## [Problem requirements]
From the top of the entries, reproduce each line exactly, stopping after the line that contains "If you read". Omit pictures.

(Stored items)
╔══
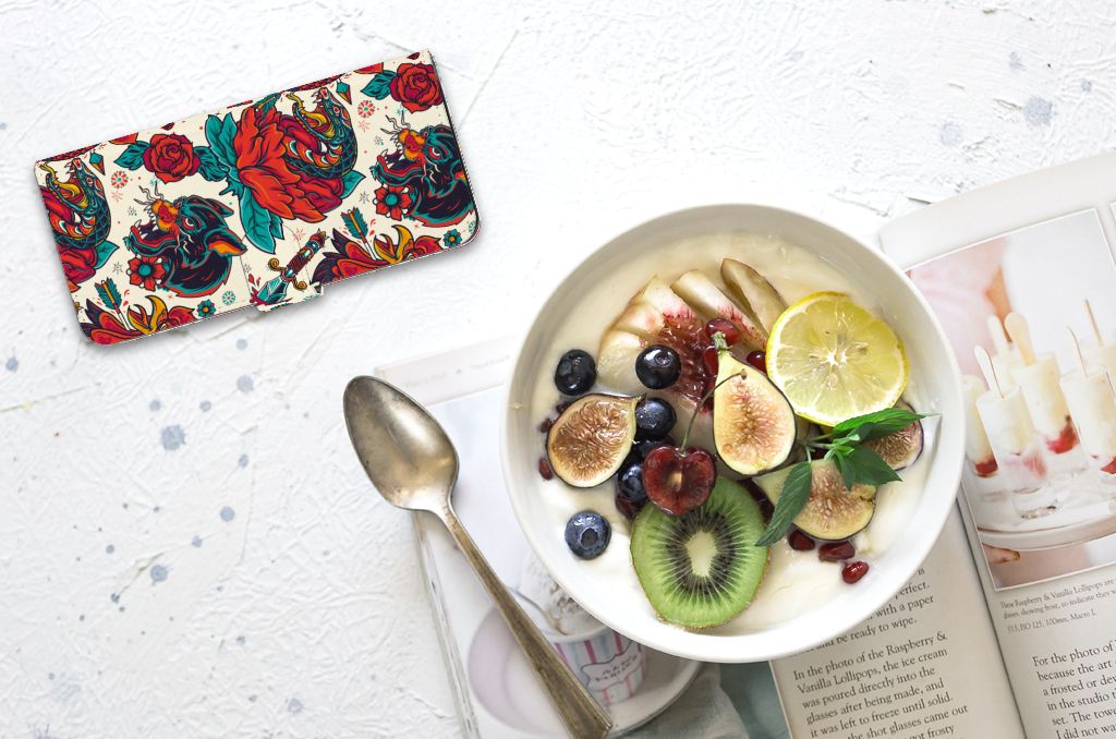 Ben je op zoek naar een stoer hoesje voor je Nokia G42? Dan is dit hoesje in old skool stijl zeker iets voor jou! Het heeft wel iets weg van een tatoeage, vind je ook niet? Dit old skool vintage design wordt geprint op een Telefoonhoesje met foto waarin je drie pasjes kwijt kunt. Het hoesje wordt afgesloten met een sluit lipje, waardoor jouw telefoon altijd goed beschermd is. Bescherm je Nokia G42 vandaag nog met dit stoere old skool design hoesje!
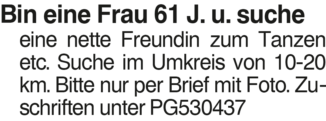 Bin eine Frau, 61 J. u. s Bin eine Frau 61 J. u. suche eine nette Freundin zum Tanzen etc. Suche im Umkreis von 10-20 km. Bitte nur per Brief mit Foto. Zuschriften unter PG530437Das könnte Sie auch interessieren
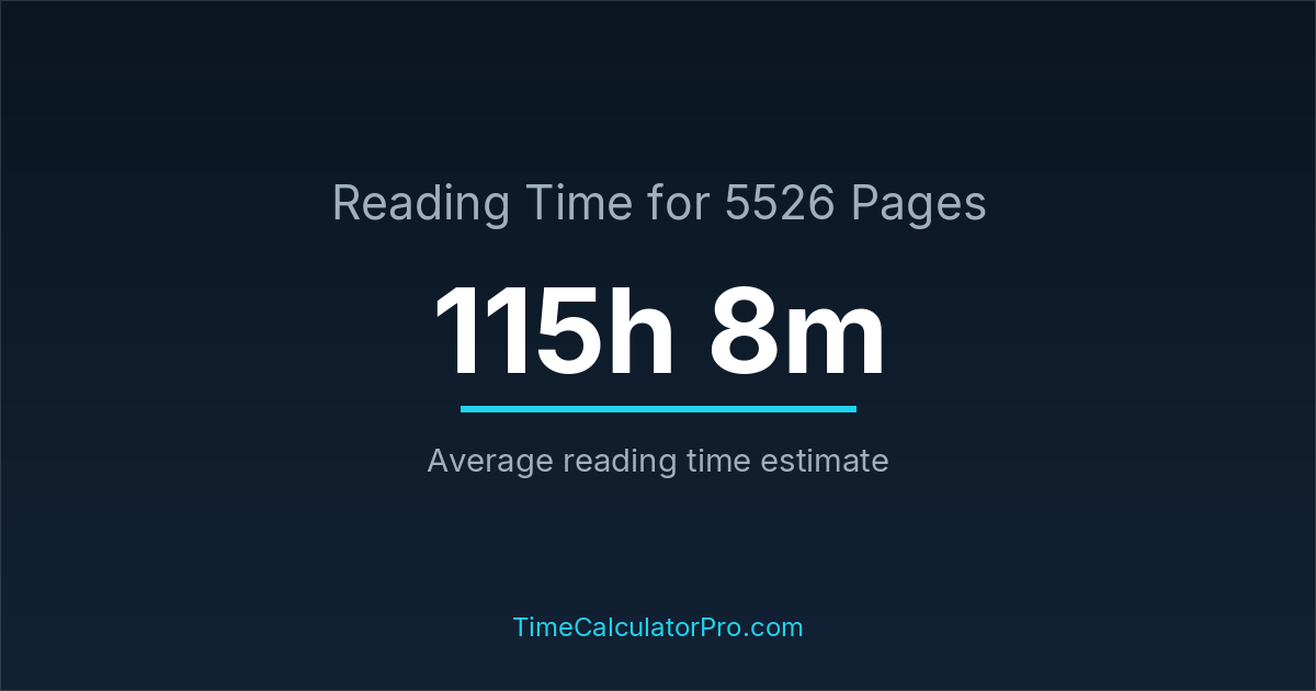 If you read at an average speed of 200 words per minute, reading 5526 pages will take approximately 115 hours and 8 minutes. This estimate assumes around 250 words per page, which is typical for most books.
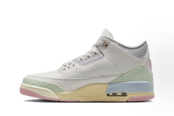 The Air Jordan 3 Retro OG White Pink Green Iris is a new spring themed masterpiece in the AJ3 series. It is based on pure beige and blends gentle macarons of soft fog powder and mint green, perfectly blending retro basketball genes with fresh spring aesthetics. It is a trendy shoe that combines collection value and versatility.
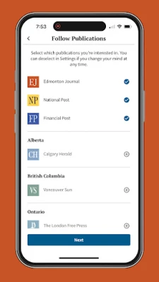 Skreddersy din egen nyhetsopplevelse fra første gang du åpner appen ved å velge dine foretrukne publikasjoner, noe som sikrer en relevant nyhetsstrøm tilpasset dine interesser. Bruk «Utforsk»-fanen for å dykke ned i de mest omtalte og trendende historiene fra våre redaksjoner over hele Canada. Ytterligere personalisering er enkelt; følg spesifikke emner, journalister og skribenter for å fylle feeden din med innsikt og perspektiver du verdsetter mest. Appen er designet for å gi deg nyhetene du ønsker, akkurat slik du ønsker dem.
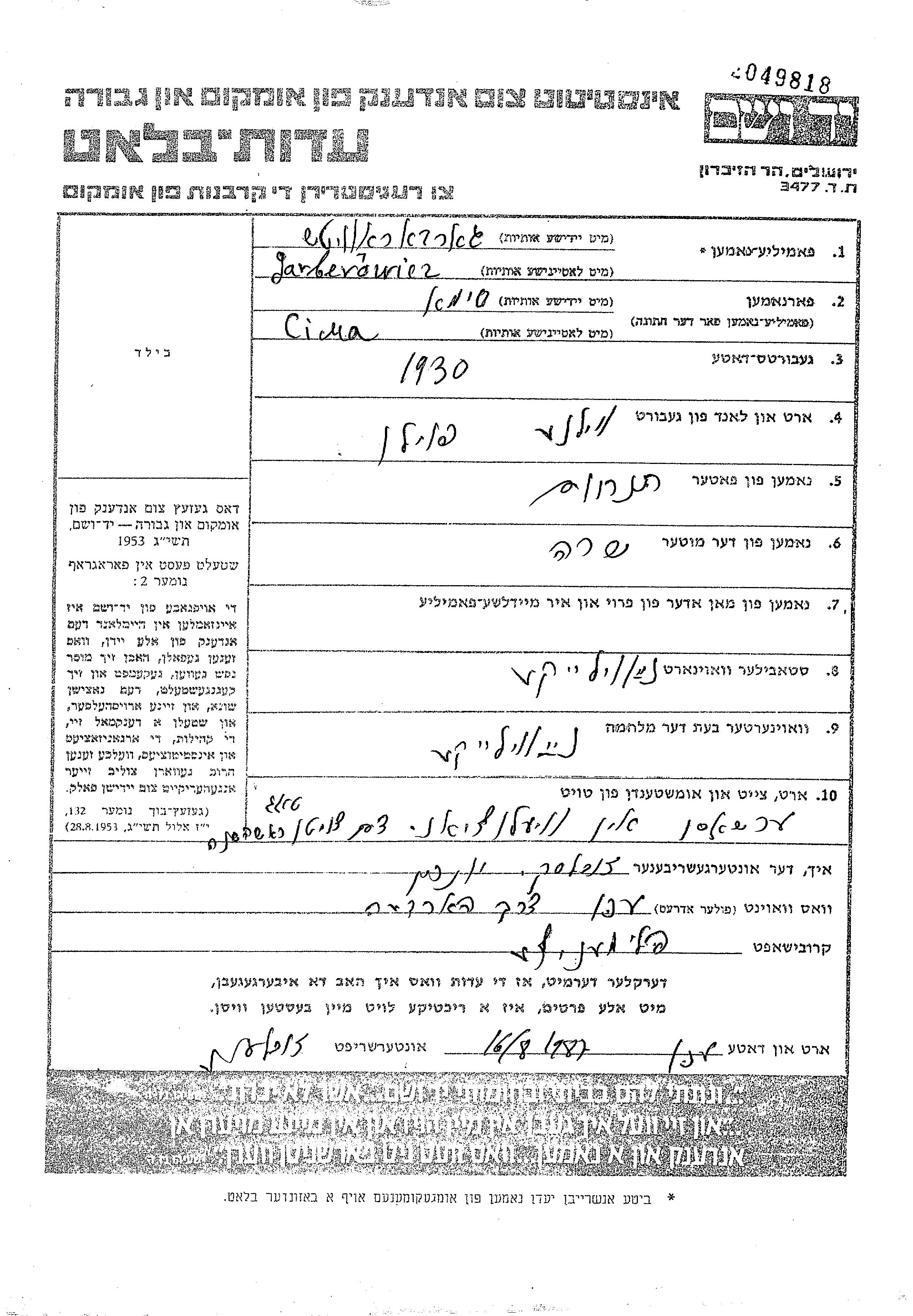 Garberowicz Cima 1930 Nowa Wilejka, Pologne Feuille de témoignage
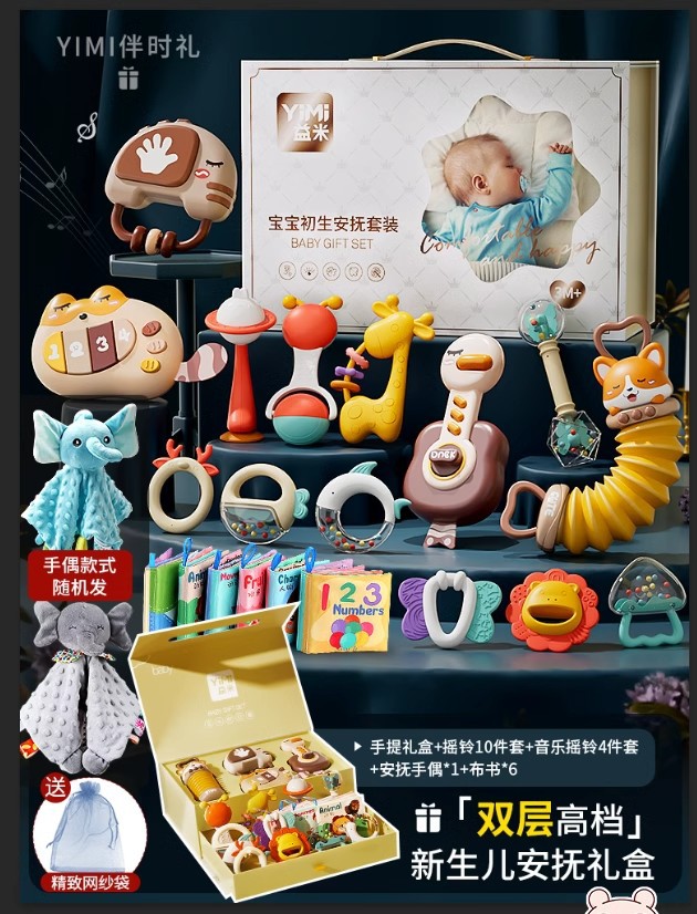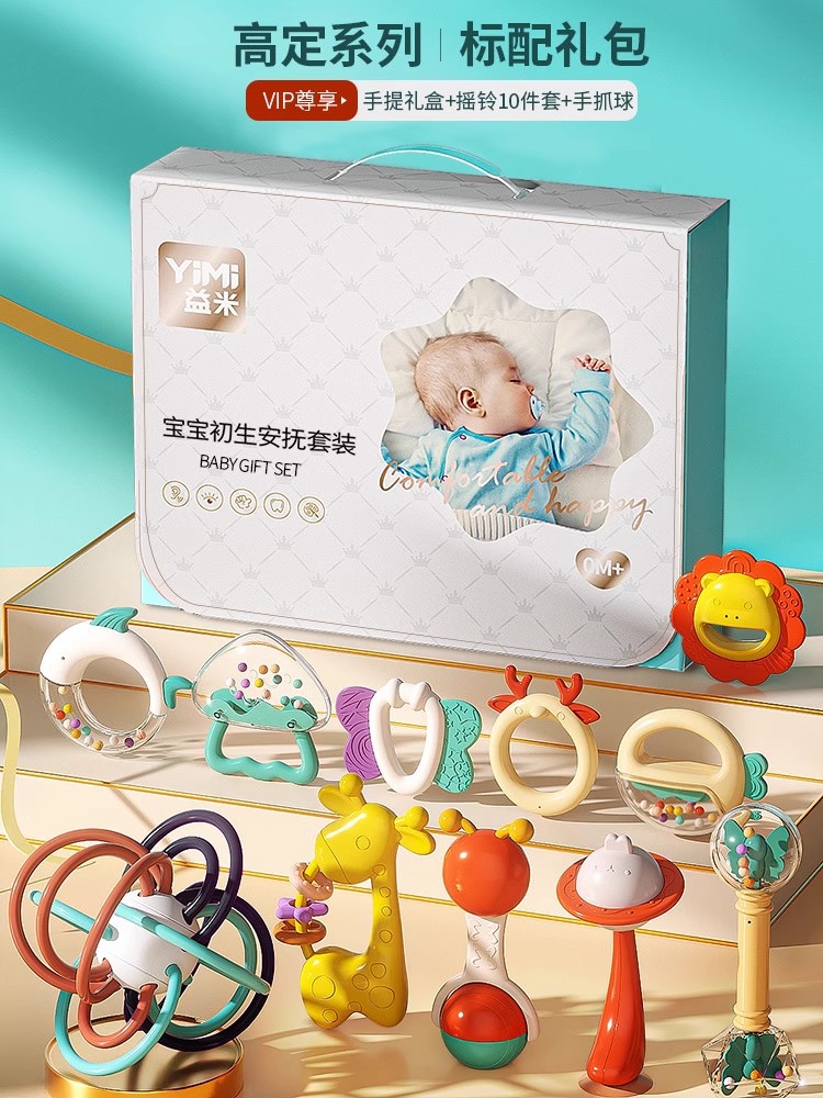 Yimi 작은 빨간 승마 책 같은 신생아 선물 보름달 선물 13 세트의 손 딸랑이가 물릴 수 있습니다 진정 선물 상자 장난감스토어 가기
╚══
## [Expected answer]
 Ben je op zoek naar een stoer hoesje voor je Nokia G42? Dan is dit hoesje in old skool stijl zeker iets voor jou! Het heeft wel iets weg van een tatoeage, vind je ook niet? Dit old skool vintage design wordt geprint op een Telefoonhoesje met foto waarin je drie pasjes kwijt kunt. Het hoesje wordt afgesloten met een sluit lipje, waardoor jouw telefoon altijd goed beschermd is. Bescherm je Nokia G42 vandaag nog met dit stoere old skool design hoesje!
 Bin eine Frau, 61 J. u. s Bin eine Frau 61 J. u. suche eine nette Freundin zum Tanzen etc. Suche im Umkreis von 10-20 km. Bitte nur per Brief mit Foto. Zuschriften unter PG530437Das könnte Sie auch interessieren
 If you read at an average speed of 200 words per minute, reading 5526 pages will take approximately 115 hours and 8 minutes. This estimate assumes around 250 words per page, which is typical for most books.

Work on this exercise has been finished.